* [ABOUT THIS TASK]
What you return should match the listing exactly, minus its images.

* [AVAILABLE RECORDS]
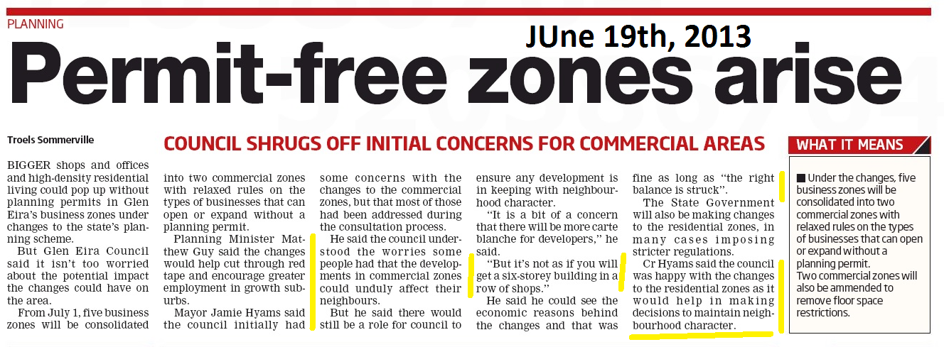 Council “had some concerns” but didn’t share them. We have only Jamie’s word that their concerns were addressed. Since Council has argued that unless something is prohibited, it is appropriate, Council has endorsed VCAT’s recent decisions and undermined its own position. Until such time as Council has detailed structure plans and specified building envelopes for each zone and precinct, VCAT can continue to do as it does—order permits be granted for anything that isn’t prohibited.
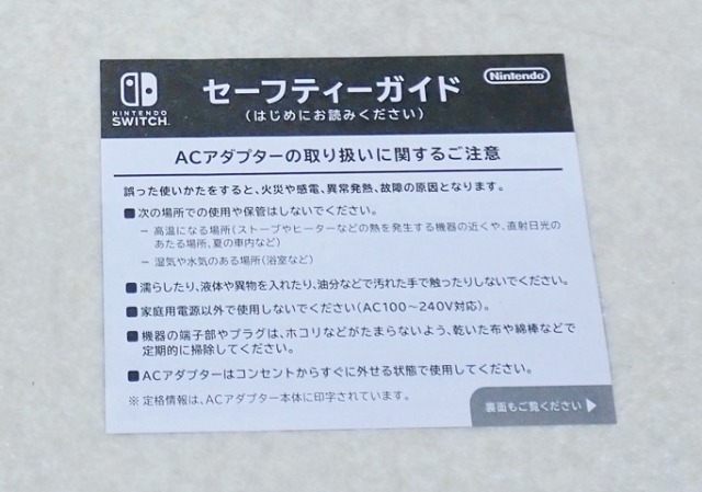 Switchを安全に使用するための注意事項が記載された用紙です。
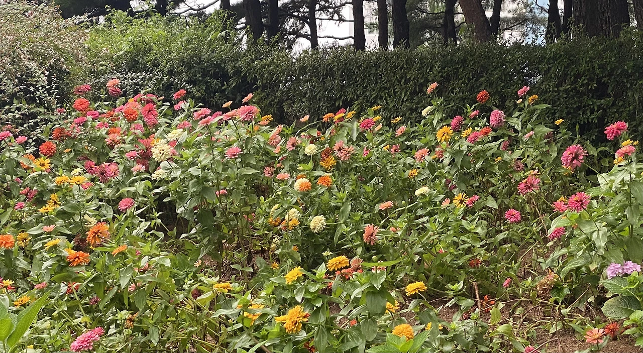 꽤 오랜 시간을 보낸 박물관을 나오니 아직 비가 오고 있었다. 우산을 쓰고 넓은 광장을 걷는데 뒷산으로 올라가는 산책로가 보였다. 저기엔 뭐가 있으려나.. 야외 조형물도 하나 있고 산호처럼 생겼다고 주장하는데 전혀 그렇게 보이지 않는 평범한 '아왜나무'를 지나 경사진 길을 올라가며 약간 후회했다. 비는 점점 더 내리고 우산을 썼는데도 백팩과 발이 젖는다. 그만 내려갈까... 그러다 이 환한 꽃밭을 만났다. 조금 멀고 빗속이었는데도 단박에 백일홍인줄 알아보았다. 어릴 때 할머니의 꽃밭에도 있었는데 그땐 예쁜 줄 모르겠더니 무리 지어 핀 걸 몇 번 보고는 좋아하게 된 꽃이다. 박물관뒤의 백일홍, 모든 감각이 빠른 속도로 일상으로 돌아온다. 갑자기 배가 고팠다. 언젠가는 가려고 했던 빵집이 떠오른다.
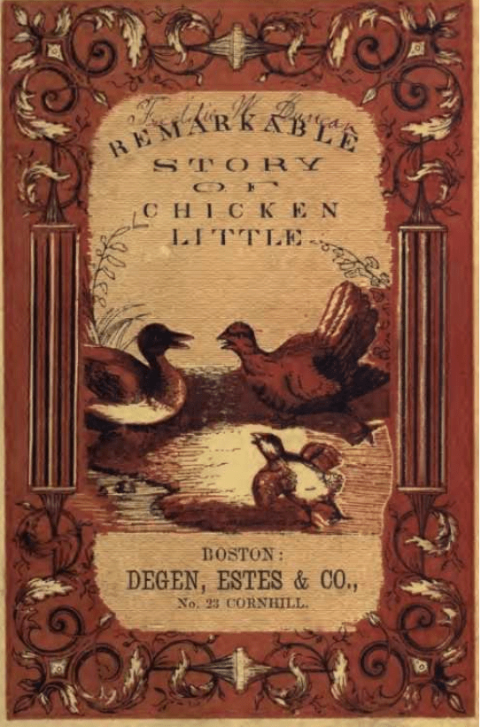 “Remarkable Story of Chicken Little” (1840) is a folk tale about a chicken who believes the world is coming to an end. The phrase “The sky is falling!” features prominently in the story, and has passed into the English language as a common idiom indicating a hysterical or mistaken belief that disaster is imminent.
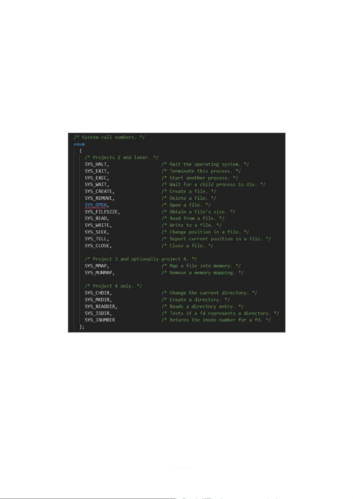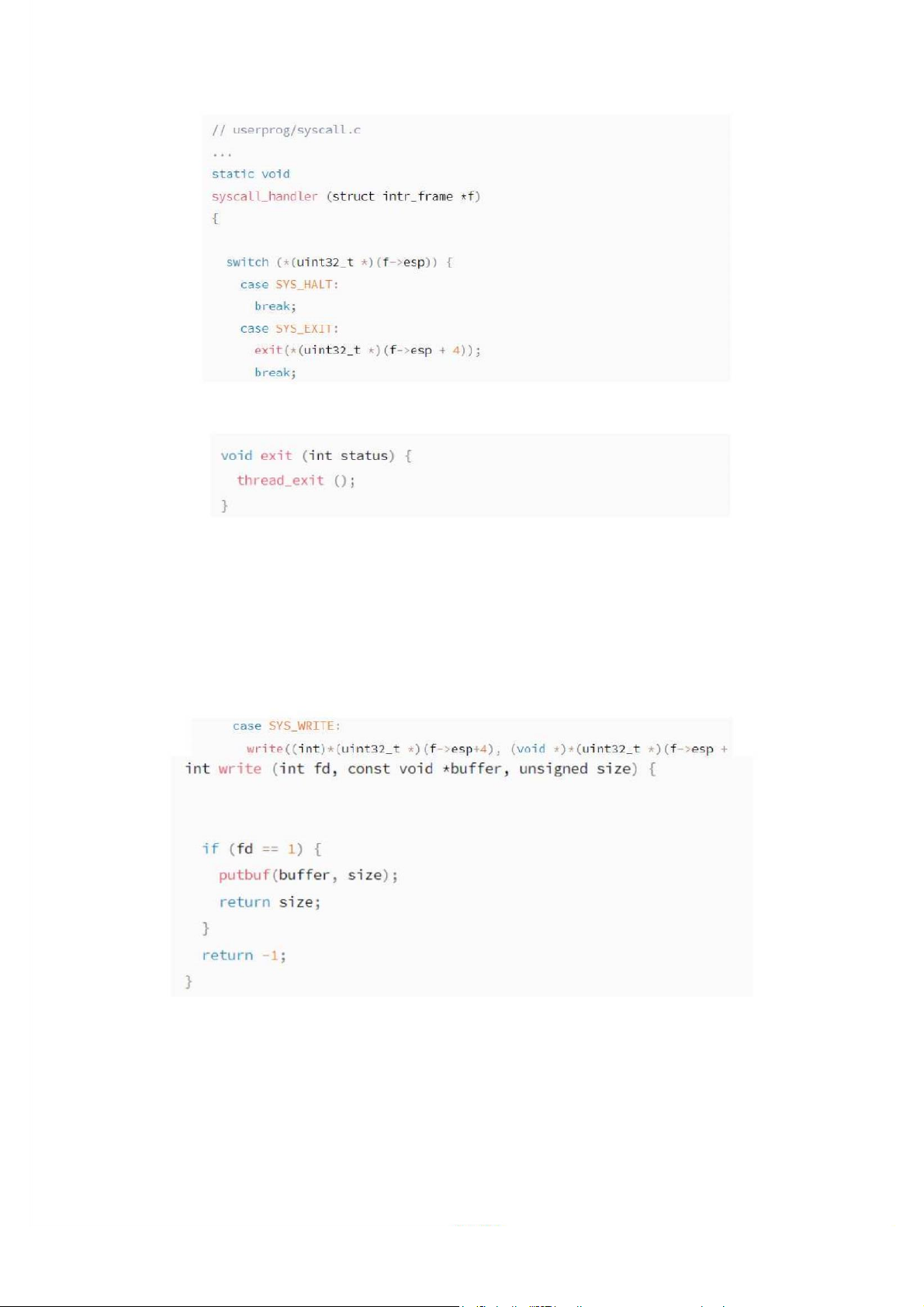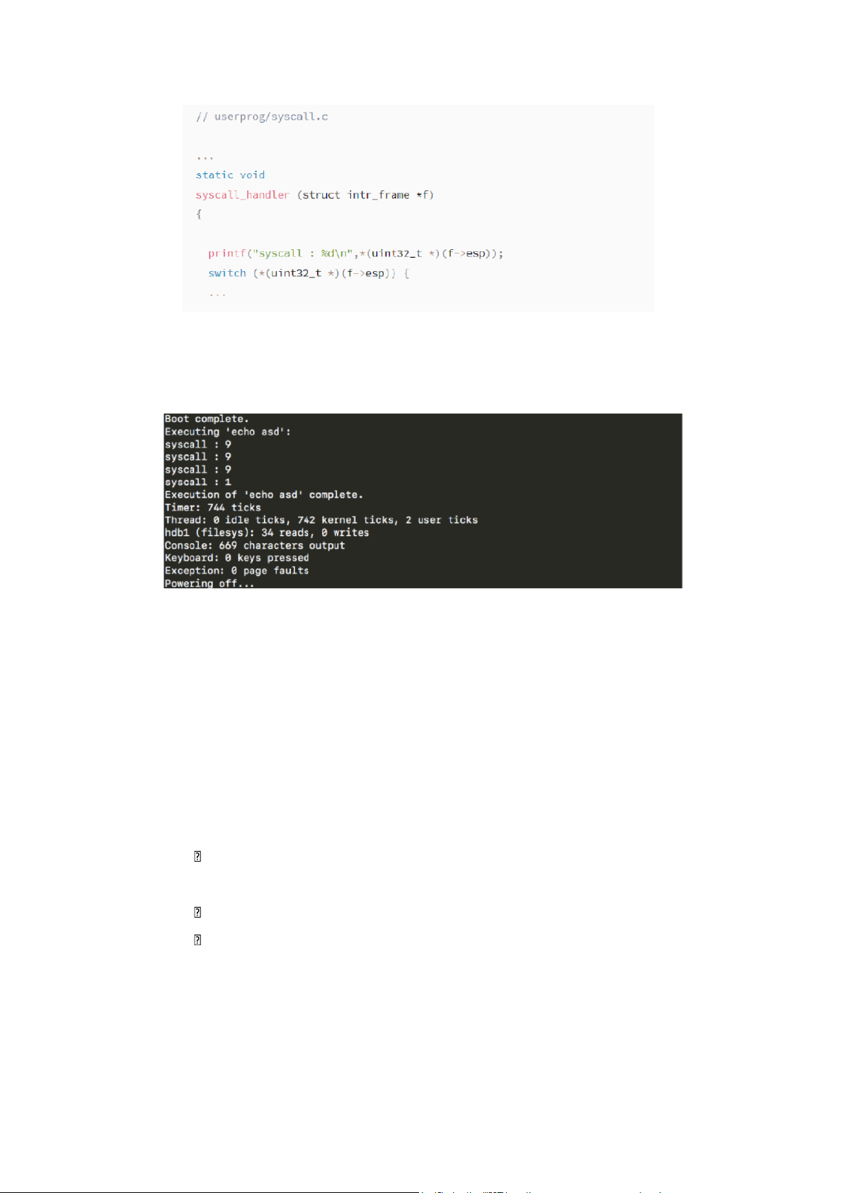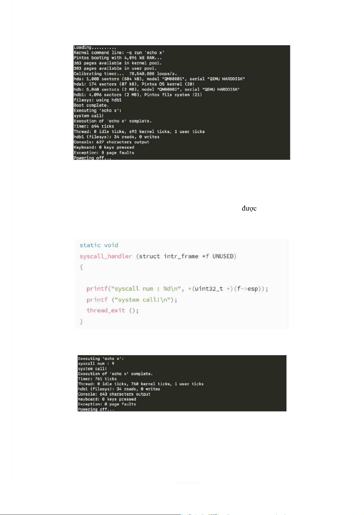 trong src/userprog/syscall.c và in ra màn hình chuỗi “system call!”. lOMoAR cPSD| 59421307

* [TASK OUTPUT]
 Council “had some concerns” but didn’t share them. We have only Jamie’s word that their concerns were addressed. Since Council has argued that unless something is prohibited, it is appropriate, Council has endorsed VCAT’s recent decisions and undermined its own position. Until such time as Council has detailed structure plans and specified building envelopes for each zone and precinct, VCAT can continue to do as it does—order permits be granted for anything that isn’t prohibited.
 Switchを安全に使用するための注意事項が記載された用紙です。
 꽤 오랜 시간을 보낸 박물관을 나오니 아직 비가 오고 있었다. 우산을 쓰고 넓은 광장을 걷는데 뒷산으로 올라가는 산책로가 보였다. 저기엔 뭐가 있으려나.. 야외 조형물도 하나 있고 산호처럼 생겼다고 주장하는데 전혀 그렇게 보이지 않는 평범한 '아왜나무'를 지나 경사진 길을 올라가며 약간 후회했다. 비는 점점 더 내리고 우산을 썼는데도 백팩과 발이 젖는다. 그만 내려갈까... 그러다 이 환한 꽃밭을 만났다. 조금 멀고 빗속이었는데도 단박에 백일홍인줄 알아보았다. 어릴 때 할머니의 꽃밭에도 있었는데 그땐 예쁜 줄 모르겠더니 무리 지어 핀 걸 몇 번 보고는 좋아하게 된 꽃이다. 박물관뒤의 백일홍, 모든 감각이 빠른 속도로 일상으로 돌아온다. 갑자기 배가 고팠다. 언젠가는 가려고 했던 빵집이 떠오른다.
 “Remarkable Story of Chicken Little” (1840) is a folk tale about a chicken who believes the world is coming to an end. The phrase “The sky is falling!” features prominently in the story, and has passed into the English language as a common idiom indicating a hysterical or mistaken belief that disaster is imminent.
 trong src/userprog/syscall.c và in ra màn hình chuỗi “system call!”. lOMoAR cPSD| 59421307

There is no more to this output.